- **Raw data**
◆ ◆ ◆
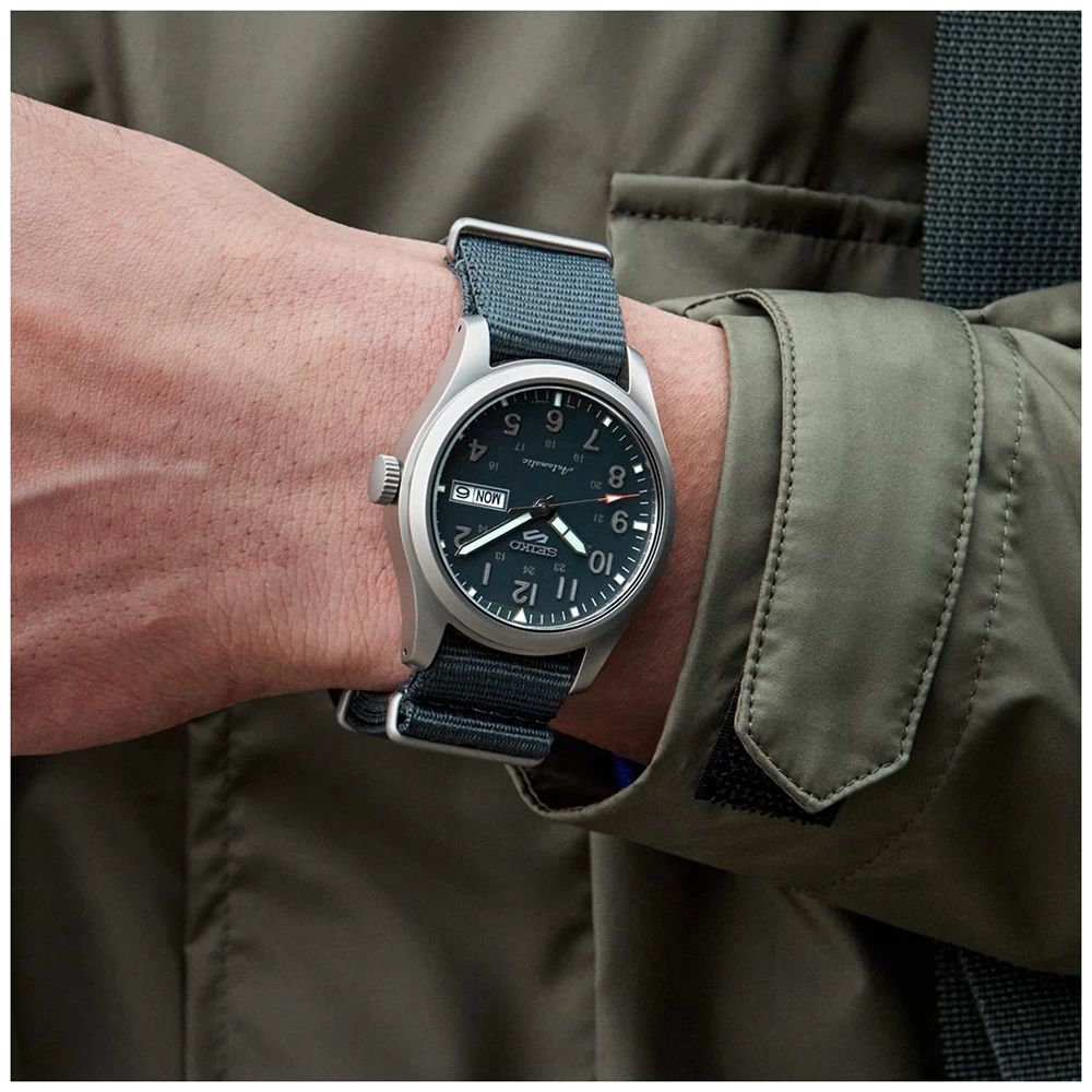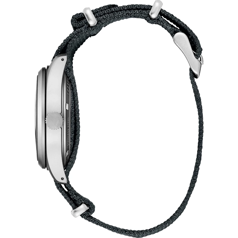 This Seiko watch has a case made of stainless steel with a diameter of 39.4 mm and is fitted with a textile band. Inside the case lies a Seiko movement and the watch features a Mineral crystal.
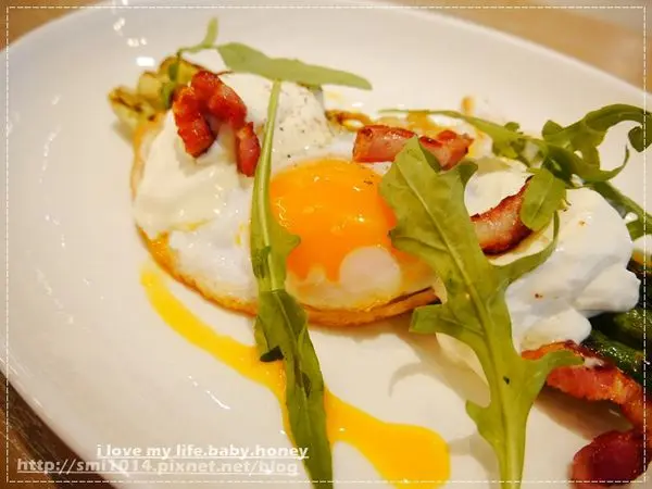 半熟鴨蛋配上炒培根有種早午餐的感覺
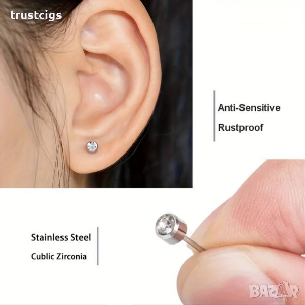 Включена медицинска обеца: В комплекта е включена висококачествена медицинска обеца от стомана, съвместима с най-популярните видове бижута за уши.
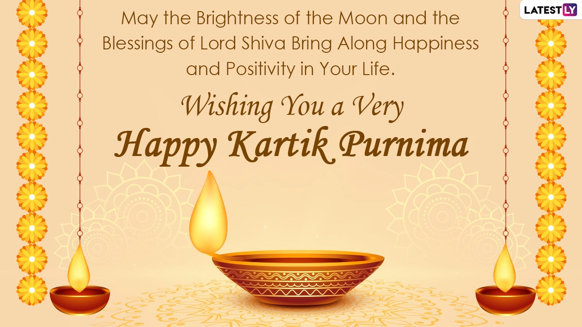 Kartik Purnima is considered to be one of the most auspicious and significant days in the Hindu calendar. The festival is observed from the Ekadashi tithi of Kartik Shukla Paksha to the Kartik Purnima tithi, spanning five days and culminating on the full moon night of Kartik. This celebration aligns with Kartik Purnima. This day marks the celebration of Lord Shiva's triumph over the demon Tripurasura. For this reason, Tripurotsav or Tripurari Purnima are other names for Utsav. We bring you wishes, greetings, messages, images and wallpapers that you can share with your loved ones on this auspicious occasion to celebrate Happy Kartik Purnima 2023. Kartik Purnima (Tripurari Purnima) 2023 Date in India: Know Customs, Tithi, Puja Vidhi, and Significance of Kartika Month's Full Moon Day.
◆ ◆ ◆
Write out the whole listing exactly, with no pictures.

- **Result of this task**
 This Seiko watch has a case made of stainless steel with a diameter of 39.4 mm and is fitted with a textile band. Inside the case lies a Seiko movement and the watch features a Mineral crystal.
 半熟鴨蛋配上炒培根有種早午餐的感覺
 Включена медицинска обеца: В комплекта е включена висококачествена медицинска обеца от стомана, съвместима с най-популярните видове бижута за уши.
 Kartik Purnima is considered to be one of the most auspicious and significant days in the Hindu calendar. The festival is observed from the Ekadashi tithi of Kartik Shukla Paksha to the Kartik Purnima tithi, spanning five days and culminating on the full moon night of Kartik. This celebration aligns with Kartik Purnima. This day marks the celebration of Lord Shiva's triumph over the demon Tripurasura. For this reason, Tripurotsav or Tripurari Purnima are other names for Utsav. We bring you wishes, greetings, messages, images and wallpapers that you can share with your loved ones on this auspicious occasion to celebrate Happy Kartik Purnima 2023. Kartik Purnima (Tripurari Purnima) 2023 Date in India: Know Customs, Tithi, Puja Vidhi, and Significance of Kartika Month's Full Moon Day.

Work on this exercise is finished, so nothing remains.